*** MATERIAL FOR THE TASK ***

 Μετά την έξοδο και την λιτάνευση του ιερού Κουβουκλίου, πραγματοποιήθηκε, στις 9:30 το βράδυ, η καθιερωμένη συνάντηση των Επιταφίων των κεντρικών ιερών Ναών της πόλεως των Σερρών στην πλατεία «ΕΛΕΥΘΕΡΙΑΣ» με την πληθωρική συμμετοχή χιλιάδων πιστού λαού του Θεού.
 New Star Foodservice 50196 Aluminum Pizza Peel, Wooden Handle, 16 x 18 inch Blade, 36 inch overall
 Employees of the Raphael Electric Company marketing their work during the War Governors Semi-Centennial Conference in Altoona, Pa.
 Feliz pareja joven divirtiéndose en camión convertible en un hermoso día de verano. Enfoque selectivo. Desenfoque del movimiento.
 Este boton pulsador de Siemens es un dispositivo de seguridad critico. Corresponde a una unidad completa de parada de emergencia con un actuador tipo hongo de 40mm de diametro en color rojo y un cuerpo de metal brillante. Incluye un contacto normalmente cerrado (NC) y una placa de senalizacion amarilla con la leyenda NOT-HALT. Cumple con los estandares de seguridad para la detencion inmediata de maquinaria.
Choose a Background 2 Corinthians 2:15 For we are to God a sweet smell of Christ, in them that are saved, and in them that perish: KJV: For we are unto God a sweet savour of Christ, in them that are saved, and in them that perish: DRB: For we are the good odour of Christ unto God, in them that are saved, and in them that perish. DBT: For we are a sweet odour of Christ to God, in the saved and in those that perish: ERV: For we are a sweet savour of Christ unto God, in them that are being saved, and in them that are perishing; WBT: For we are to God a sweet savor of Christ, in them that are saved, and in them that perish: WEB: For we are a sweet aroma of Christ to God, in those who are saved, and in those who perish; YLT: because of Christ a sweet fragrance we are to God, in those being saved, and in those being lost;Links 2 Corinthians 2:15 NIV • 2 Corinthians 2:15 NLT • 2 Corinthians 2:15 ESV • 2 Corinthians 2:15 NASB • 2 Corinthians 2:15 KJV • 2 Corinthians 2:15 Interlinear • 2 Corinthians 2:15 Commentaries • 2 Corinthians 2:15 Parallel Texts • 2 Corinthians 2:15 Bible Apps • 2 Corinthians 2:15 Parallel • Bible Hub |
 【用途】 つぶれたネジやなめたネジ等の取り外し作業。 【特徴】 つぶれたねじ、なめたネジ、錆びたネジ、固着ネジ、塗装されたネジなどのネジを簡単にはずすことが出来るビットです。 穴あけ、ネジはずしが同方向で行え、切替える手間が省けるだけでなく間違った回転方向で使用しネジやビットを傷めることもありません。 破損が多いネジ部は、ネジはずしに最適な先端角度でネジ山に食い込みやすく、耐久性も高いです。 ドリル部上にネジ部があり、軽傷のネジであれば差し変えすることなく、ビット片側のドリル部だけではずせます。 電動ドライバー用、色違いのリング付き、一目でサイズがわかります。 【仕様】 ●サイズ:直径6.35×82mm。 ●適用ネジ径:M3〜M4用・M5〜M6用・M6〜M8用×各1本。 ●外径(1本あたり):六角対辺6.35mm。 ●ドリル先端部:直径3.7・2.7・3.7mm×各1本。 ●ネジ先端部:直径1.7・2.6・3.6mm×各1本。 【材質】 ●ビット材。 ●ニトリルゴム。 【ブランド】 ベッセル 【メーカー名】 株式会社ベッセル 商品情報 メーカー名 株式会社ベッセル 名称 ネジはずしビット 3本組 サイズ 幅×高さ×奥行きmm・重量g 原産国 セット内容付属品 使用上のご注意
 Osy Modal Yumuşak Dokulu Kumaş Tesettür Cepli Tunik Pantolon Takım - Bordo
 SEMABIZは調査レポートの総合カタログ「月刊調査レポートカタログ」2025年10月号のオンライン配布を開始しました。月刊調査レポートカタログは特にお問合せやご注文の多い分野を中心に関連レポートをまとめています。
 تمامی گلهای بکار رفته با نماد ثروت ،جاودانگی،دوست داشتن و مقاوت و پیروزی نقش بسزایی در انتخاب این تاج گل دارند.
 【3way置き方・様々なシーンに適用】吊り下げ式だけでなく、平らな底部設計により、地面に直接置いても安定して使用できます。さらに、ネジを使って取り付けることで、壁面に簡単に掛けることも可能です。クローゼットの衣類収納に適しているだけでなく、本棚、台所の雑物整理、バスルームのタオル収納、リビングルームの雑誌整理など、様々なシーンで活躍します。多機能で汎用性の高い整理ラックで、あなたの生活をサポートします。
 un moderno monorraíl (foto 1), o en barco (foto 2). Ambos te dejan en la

*** End of MATERIAL FOR THE TASK ***

Type out again, exactly as written, the lines from the beginning of the material through the one containing "Employees of the".

 Μετά την έξοδο και την λιτάνευση του ιερού Κουβουκλίου, πραγματοποιήθηκε, στις 9:30 το βράδυ, η καθιερωμένη συνάντηση των Επιταφίων των κεντρικών ιερών Ναών της πόλεως των Σερρών στην πλατεία «ΕΛΕΥΘΕΡΙΑΣ» με την πληθωρική συμμετοχή χιλιάδων πιστού λαού του Θεού.
 New Star Foodservice 50196 Aluminum Pizza Peel, Wooden Handle, 16 x 18 inch Blade, 36 inch overall
 Employees of the Raphael Electric Company marketing their work during the War Governors Semi-Centennial Conference in Altoona, Pa.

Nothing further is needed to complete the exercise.